Sometimes “three days go by and the doctor doesn’t think, because he or she is treating other parts of their illness, ‘Do they still need that Foley catheter, do they still need that IV?’ ” Dr. Ford notes. “If the patient does not need those two modalities, discontinue them … because those are two big causes for infection.”

Tips to Help Screen

Include a list of conditions in electronic documents and paperwork to cue doctors to check for them on admission and create documentation;

  • Standardize admission processes and documentation;
  • Assess how hospitals prevent these conditions and improve your system;
  • Create more opportunities to observe conditions with redundant checks; and
  • Designate healthcare providers to make regular inspections of catheters and look for pressure ulcers.—LT

Early Reaction

While the changes are incentive to be more attentive to detail, Dr. Ferrance wonders whether there could be a down side.

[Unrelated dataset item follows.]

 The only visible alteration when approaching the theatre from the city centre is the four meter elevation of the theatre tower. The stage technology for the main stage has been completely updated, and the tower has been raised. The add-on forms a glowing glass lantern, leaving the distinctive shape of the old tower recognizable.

“I’ll be honest and admit I didn’t catch every single Stage 1 decubitus ulcer on every patient I admitted,” he says. “Now I’m much more vigilant.” Still, he adds: “It increases the paperwork burden, and it adds to the nonpatient part of our day. I have to wonder if the increased burden of paperwork pays off in that much benefit to the patient.”

And pressure is building. Insurers Aetna Inc. and WellPoint Inc. are following Medicare’s example, moving to end payment for some of the most serious hospital errors. Other major insurers are investigating changing their policies.

The public also cares quite a bit about the issue, Dr. Wald notes. When a New York Times blog mentioned Dr. Wald’s JAMA article, readers left scores of comments. Some were stunned to hear hospitals can be paid extra when complications occur.

Professional societies and organizations can help medical centers adjust to these changes by providing guidance and leadership, suggests Dr. Li. Hospitals will benefit by educating all providers about the system changes and the reasons behind them, he says.

“This is about a lot more than the doctor and the patient,” he argues. “This is about changing the culture and institution.” TH

 

 

Liz Tascio is a medical journalist based in New York.